Дагестанский государственный педагогический
университет, Россия.
Принцип «позиционности» в сравнительно-исторических фонетических изысканиях
Ф.Ф. Фортунатова и его учеников
(165-летию со дня рождения Ф.Ф. Фортунатова посвящается)
Главнейшим
направлением в научной деятельности Ф.Ф. Фортунатова, как известно, являлись
вопросы звукового состава общеиндоевропейского языка, определение фонетических
законов [Будде 1914] и звуковые соответствия в отдельных индоевропейских
языках. Его исследования, как отмечал М.Н. Петерсон, «относятся ко всем
главнейшим отделам языковедения: фонетике, лексикологии, этимологии,
морфологии, синтаксису» [Фортунатов 1957: 6]. Среди его научного наследия
важное место следует уделить также принципам сравнительно-исторических
реконструкций, которые лежат в основе его работ, относящихся к
сравнительно-историческим фонетическим реконструкциям индоевропейских языков.
Представляется
возможным выделить в трудах Ф.Ф. Фортунатова и его учеников следующие четыре
основные принципа сравнительно-исторических фонетических реконструкций, которые
условно можно назвать: а) принцип «позиционности», б) принцип «неполного ряда»,
в) принцип «недостаточности», г) принцип «относительной хронологии» [Чеерчиев
1979].
Уже
в своих ранних работах Ф.Ф. Фортунатов выступал против упрощенного понимания
фонетических изменений. Он писал: «…языкознание не стоит уже на той ступени,
когда довольствовались решением вопроса, может ли вообще переходить звук икс в
звук игрек. Мы должны определить, наблюдается ли такой переход в известном
языке, и если наблюдается, то при каких именно условиях, а для этого надо
указать на аналогичные примеры» [Фортунатов 1875: 40].
Как
известно, Ф.Ф. Фортунатов различал фонетические явления двух родов: а)

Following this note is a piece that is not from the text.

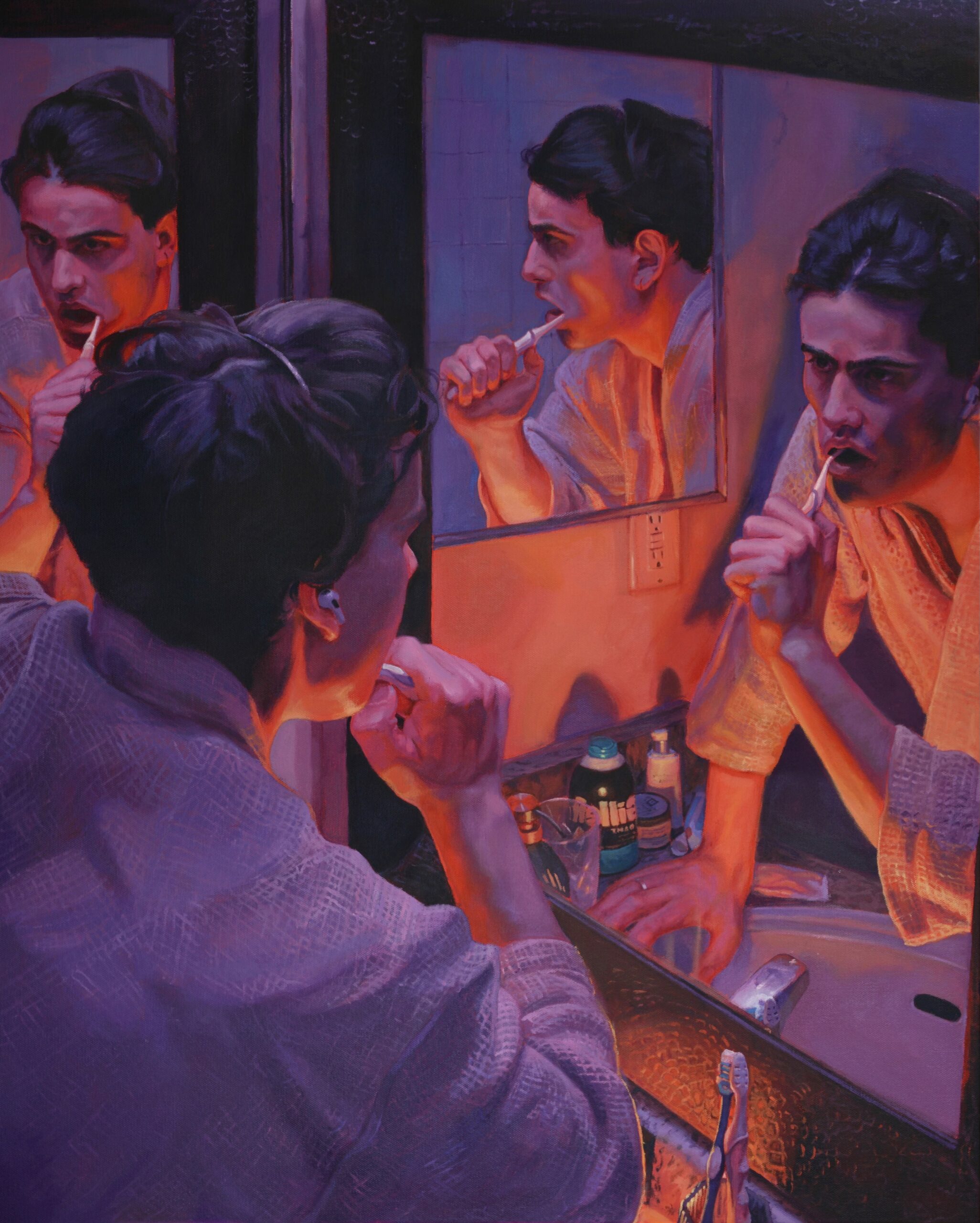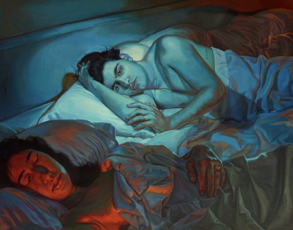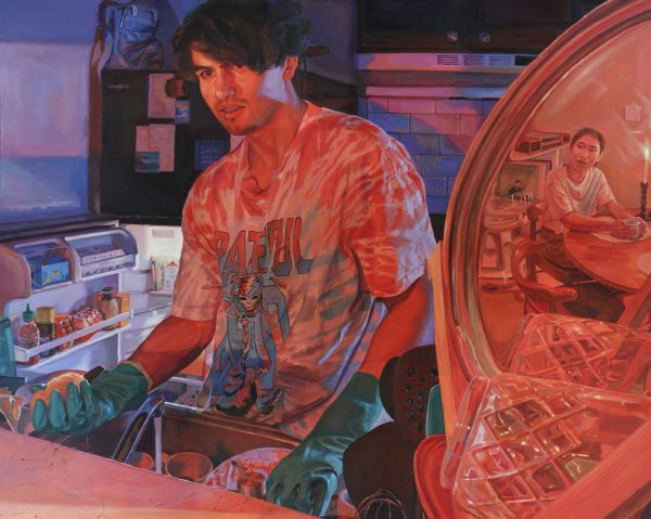 The exhibition presents five new works, going from mid-size to large scale paintings, all depicting private domestic moments. Every scene represents the artist himself and his wife, caught in common acts like washing dishes or doing the laundry, as part of a daily routine, seen by the artist as a comfort zone.

изменения звуков самих по себе и б) изменения звуков, вызываемые положением
данных звуков в тех звуковых комплексах, какими являются слова в сочетании слов
в речи. «Явления последнего ряда, – писал он, – можно назвать фонетическим явлениями под влиянием тех
или других фонетических причин; сюда принадлежат: изменения
звуков под влиянием соседних в слове (или в комплексе слов) звуков, под
влиянием ударения слова, под влиянием положения звуков в конце, или в начале,
или внутри слова и под влиянием различий в темпе речи» [Фортунатов 1956: 203-204]. Отсюда Ф.Ф. Фортунатов определяет задачу
фонетики по отношению к каждому звуку в данном языке: «…определить, какую
судьбу имел данный звук в данном языке в данную эпоху его жизни, т.е.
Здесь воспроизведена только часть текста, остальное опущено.